• **SUPPLIED RECORDS**:
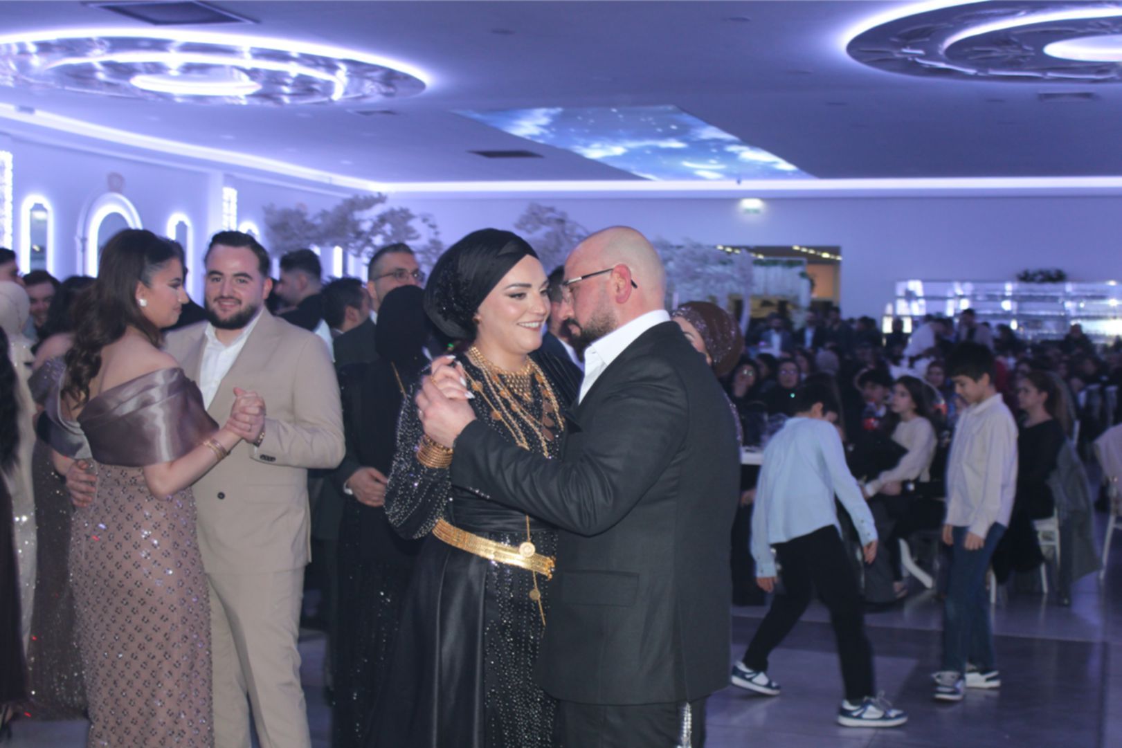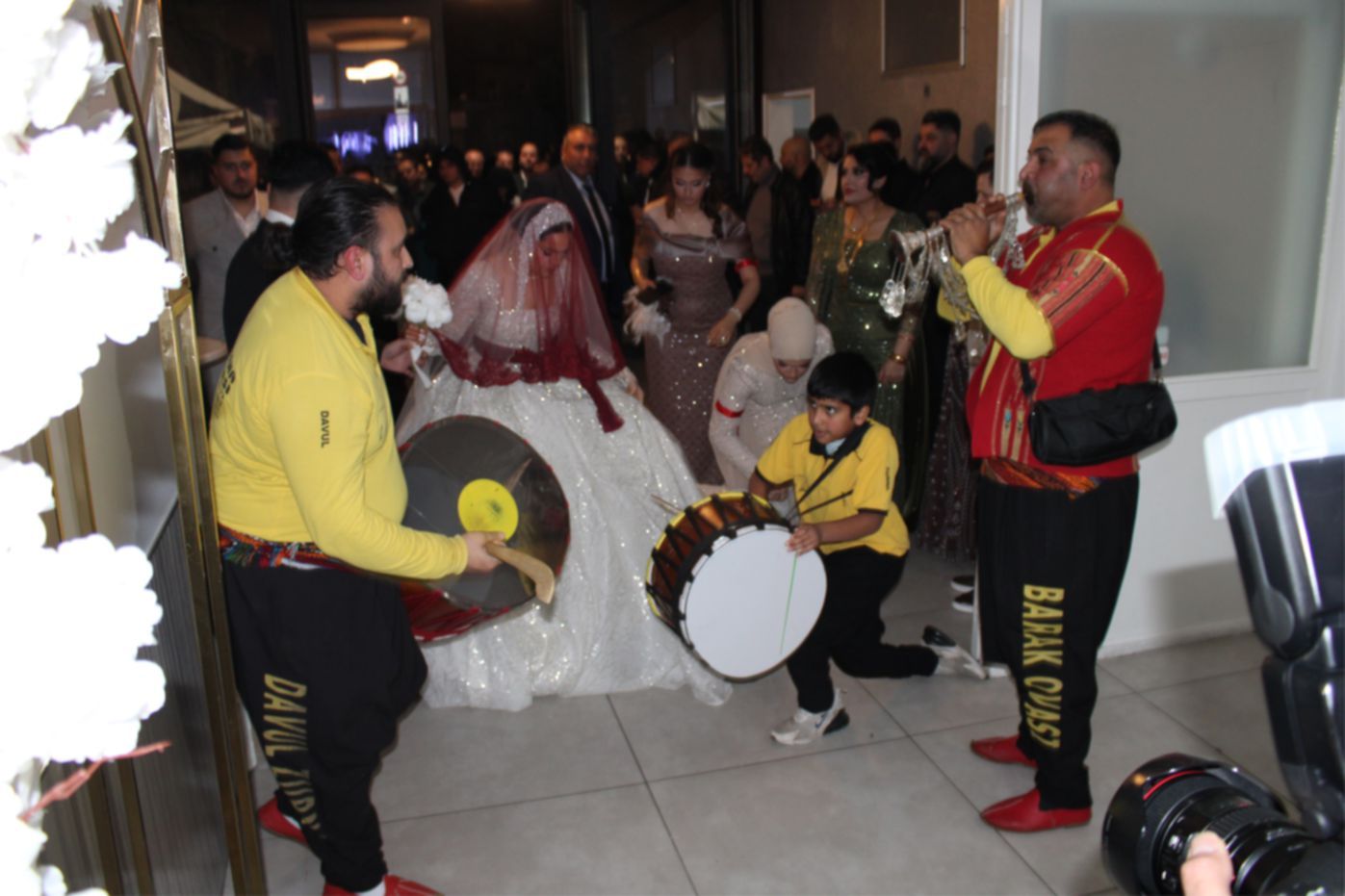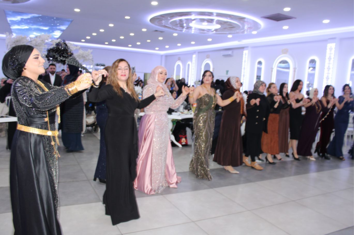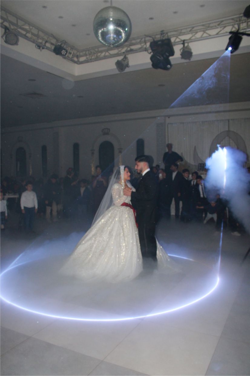 Gelin ile Damat’ın alkışlar ve ‘Barak Ovası’ davullar eşliğinde sahneye gelmesiyle, düğün töreni start aldı. Damat Gelin’e altın bir kolye hediye ederek, gelin’in duvağını açıp alnından öpmesi, alkışlarla karşılandı. Daha sonra, son teknoloji görseller eşliğinde Gelin ile Damat ilk danslarını yaptı. Gelin ile Damat’ın dansına bazı davetlilerde, eşleriyle birlikte eşlik ettiler.
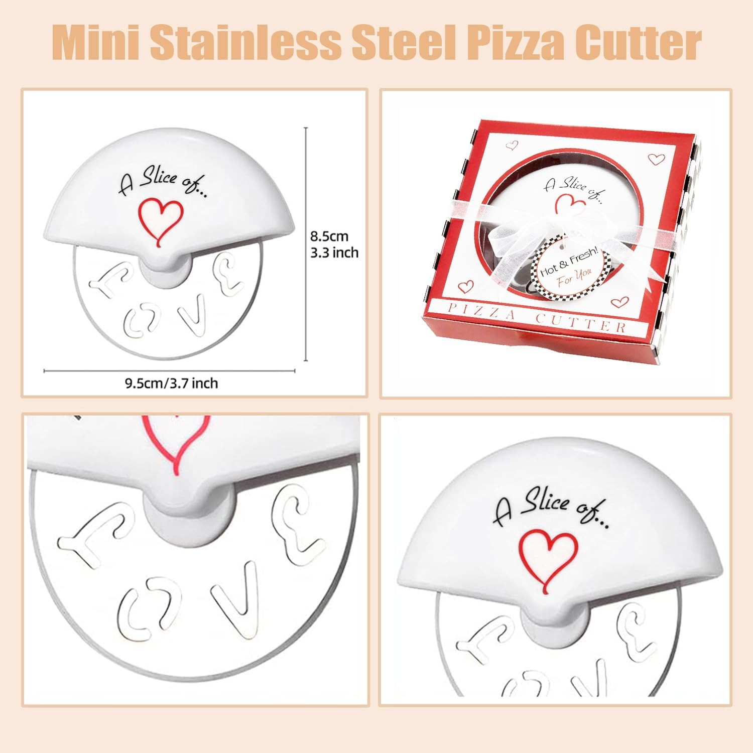 Specification: Material:Stainless Steel Size:9.5x8.5cm/3.7x3.3inch Box size:11.5x11cm/4.5x4.3inch Package:Individual Color:Silver Packaging include:30 x Mini Pizza Cutter
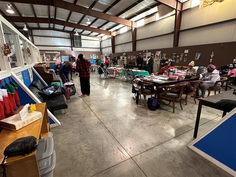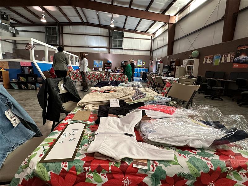 Volunteers set up a Christmas market for local youth. (Joey Blackwell / Alabama News Center)
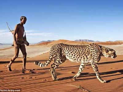 纳米比亚游牧部落男子将3头非洲猎豹驯化
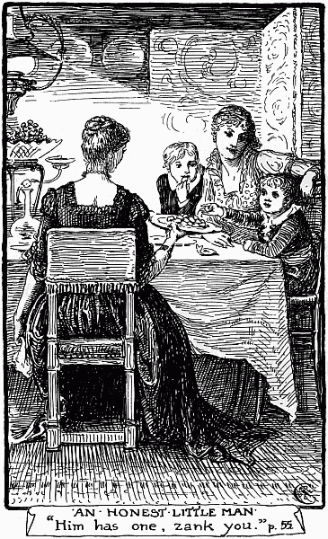"How big are they?" she said to herself. "Bigger than my thumb? Oh yes, a good deal. I should think they are about as tall as my arm would be if it was standing on the ground. I should think they would come up above my knee. I should like to stand up and measure, but perhaps it is better for me not to speak to them till they speak to me."[197]
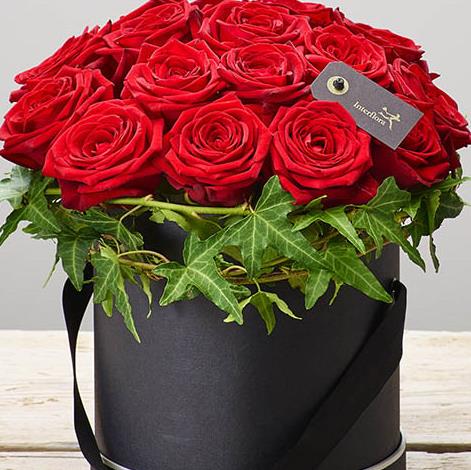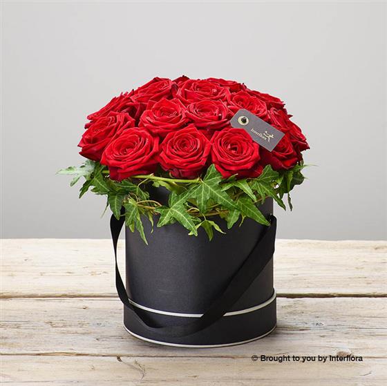 Featuring red large headed roses with variegated ivy and pistache, presented in a tall black and cream hatbox.
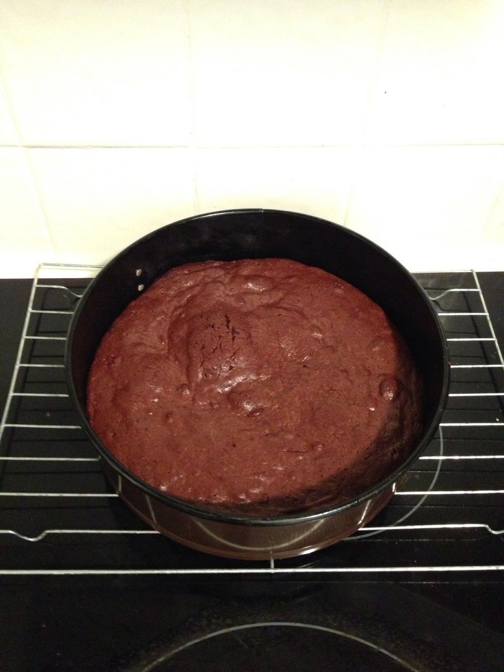 Add the cocoa powder and whisk until just mixed. Do not over mix. Now, pour into pan.
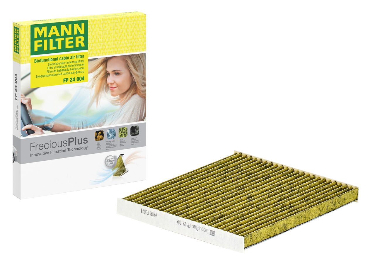 Biofunctional MANN-FILTER FreciousPlus cabin air filters - nearly 100% protection against nitrogen oxides, dust, allergens and mould - harmful gases and unpleasant odours are also eliminated and virus aerosols filtered. The three-layer filter technology absorbs almost 100% of allergens, reduces the growth of molds and bacteria by more than 98% and stops fine dust almost completely.Specification
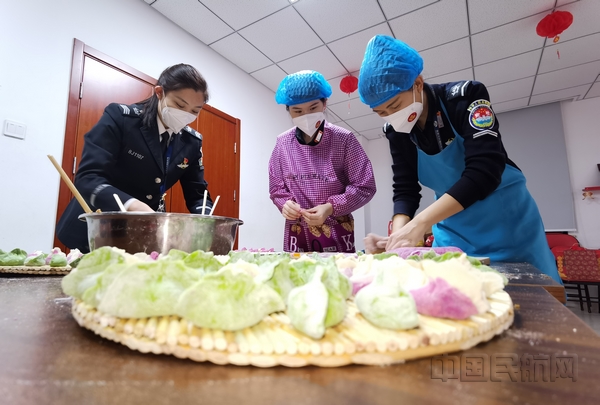春节期间韩春燕(中间)与同事们一起包饺子 (赵振龙 摄)
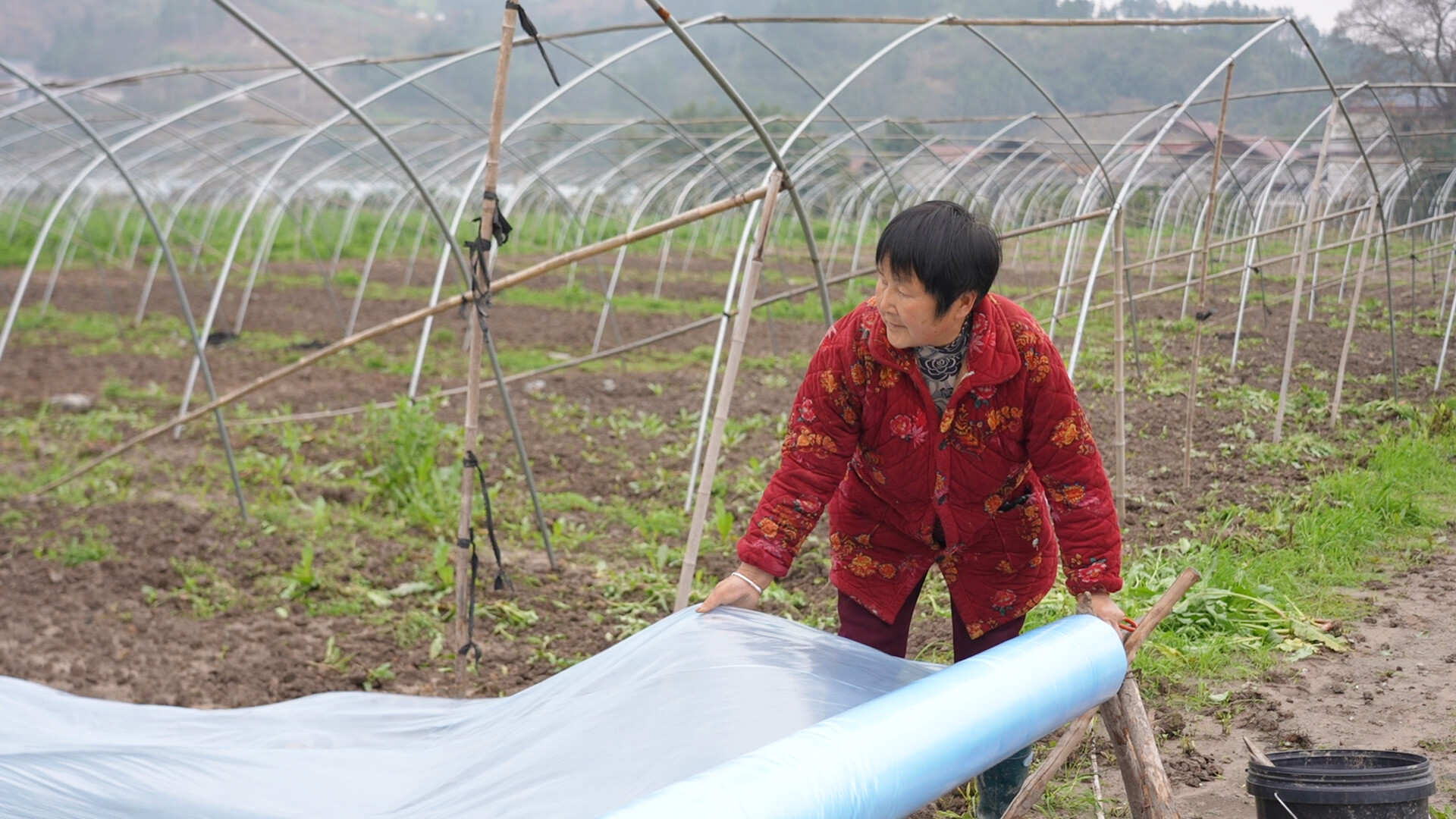 “这两天我们天天在田里拉地膜,一刻也不敢耽误。”正在劳作的瓜农黄桂莲笑着介绍道,地膜不仅能有效抑制杂草生长,减少除草人工成本,还能锁住土壤水分、提高地温,为西瓜苗生长创造适宜的环境。她表示,地膜全部拉好后,等天气转晴,就会立刻搭建天膜、铺设滴灌地管,再过两天就能栽种第二批西瓜苗,目前基地的西瓜苗已顺利移栽三分之一,预计后续将稳步推进栽种工作。
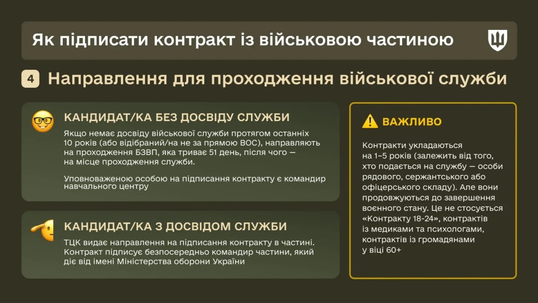 "Варто мати на увазі, якщо кандидат не має досвіду військової служби протягом останніх 10 років (або відібраний не за прямою ВОС), його направляють на проходження базової загальної військової підготовки, яка триває 51 день, після чого – на місце проходження служби. Таким чином, уповноваженою особою на підписання контракту є командир навчального центру", - пояснили у Міноборони..
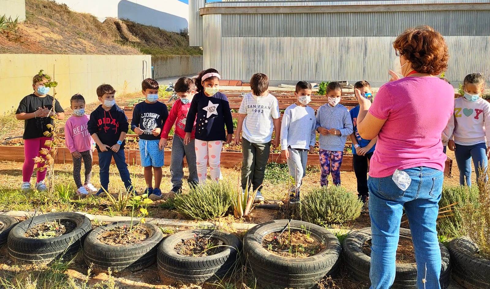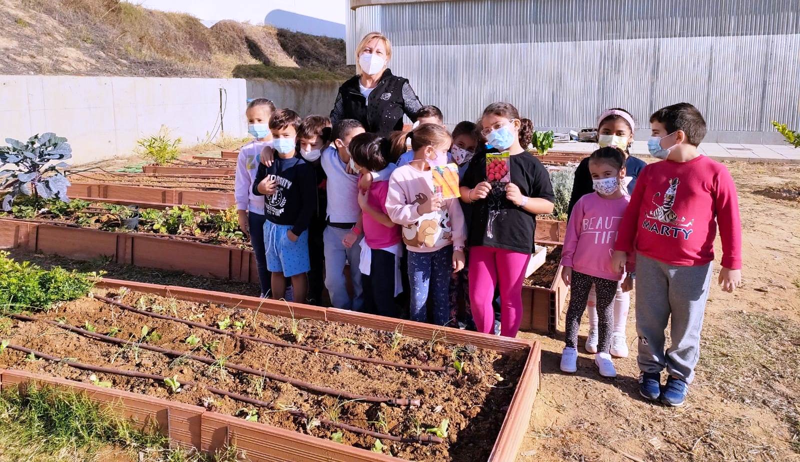 Nos echamos algunas fotos juntos/as para que cuando volvamos a trabajar otro día en el huerto podamos ver la diferencia del inicio y el final; veremos entonces crecida la cosecha y recogeremos las hortalizas y frutos que haya.
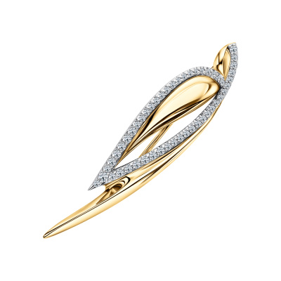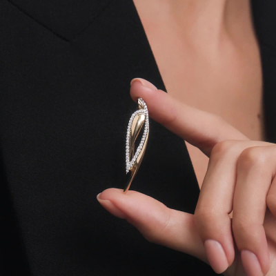 Брошь с 1 бриллиантом природным, 0.01 карат, огранка круг 57 граней, цвет 3, чистота 6, тип огранки А; 12 бриллиантами природными, 0.09 карат, огранка круг 57 граней, цвет 3, чистота 6, тип огранки А; 21 бриллиантом природным, 0.09 карат, огранка круг 57 граней, цвет 3, чистота 6, тип огранки А; 10 бриллиантами природными, 0.03 карат, огранка круг 57 граней, цвет 3, чистота 6, тип огранки А; 6 бриллиантами природными, 0.01 карат, огранка круг 57 граней, цвет 3, чистота 6, тип огранки А; Желтое золото 585 пробы.
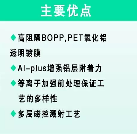 最新型透明高阻隔氧化铝ALOx真空镀膜机,集稳定、高效、灵活于一体,适合于各类包装膜,透明高阻隔PET及BOPP膜及直镀环保香烟内衬纸、酒标纸和柔性透明导电ITO触屏膜,LOW-E窗膜等多层溅射镀膜。
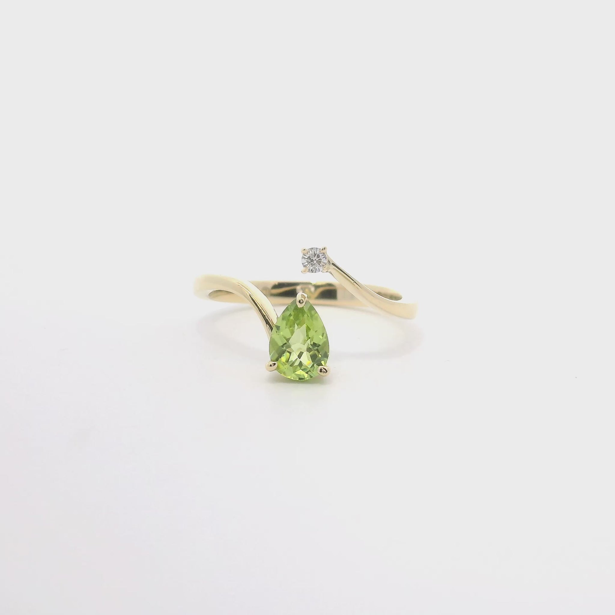 14KT YELLOW GOLD .82CT PEAR SHAPED PERIDOT AND .05CT SI1 H NATURAL DIAMOND RING
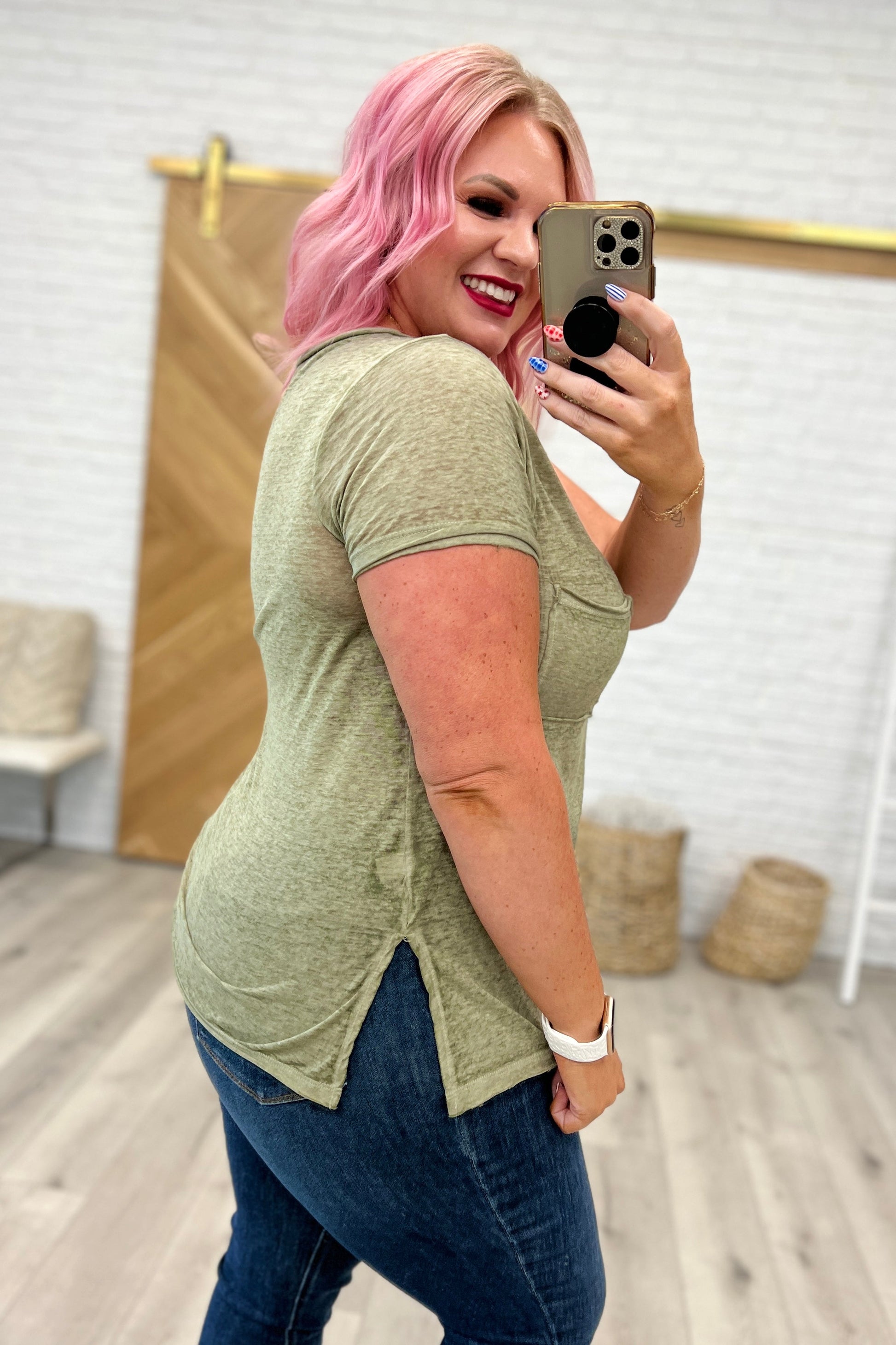 Melange Burnout V-Neck T-Shirt in Light Olive

• **ACTIVITY**: Lines wanted from the entries above: the one with "пояснили у Міноборони..", the one with "Брошь с 1 бриллиантом", and all lines between. Please copy them exactly, without the pictures and without anything else.

• **ANSWER BOX**:
 "Варто мати на увазі, якщо кандидат не має досвіду військової служби протягом останніх 10 років (або відібраний не за прямою ВОС), його направляють на проходження базової загальної військової підготовки, яка триває 51 день, після чого – на місце проходження служби. Таким чином, уповноваженою особою на підписання контракту є командир навчального центру", - пояснили у Міноборони..
 Nos echamos algunas fotos juntos/as para que cuando volvamos a trabajar otro día en el huerto podamos ver la diferencia del inicio y el final; veremos entonces crecida la cosecha y recogeremos las hortalizas y frutos que haya.
 Брошь с 1 бриллиантом природным, 0.01 карат, огранка круг 57 граней, цвет 3, чистота 6, тип огранки А; 12 бриллиантами природными, 0.09 карат, огранка круг 57 граней, цвет 3, чистота 6, тип огранки А; 21 бриллиантом природным, 0.09 карат, огранка круг 57 граней, цвет 3, чистота 6, тип огранки А; 10 бриллиантами природными, 0.03 карат, огранка круг 57 граней, цвет 3, чистота 6, тип огранки А; 6 бриллиантами природными, 0.01 карат, огранка круг 57 граней, цвет 3, чистота 6, тип огранки А; Желтое золото 585 пробы.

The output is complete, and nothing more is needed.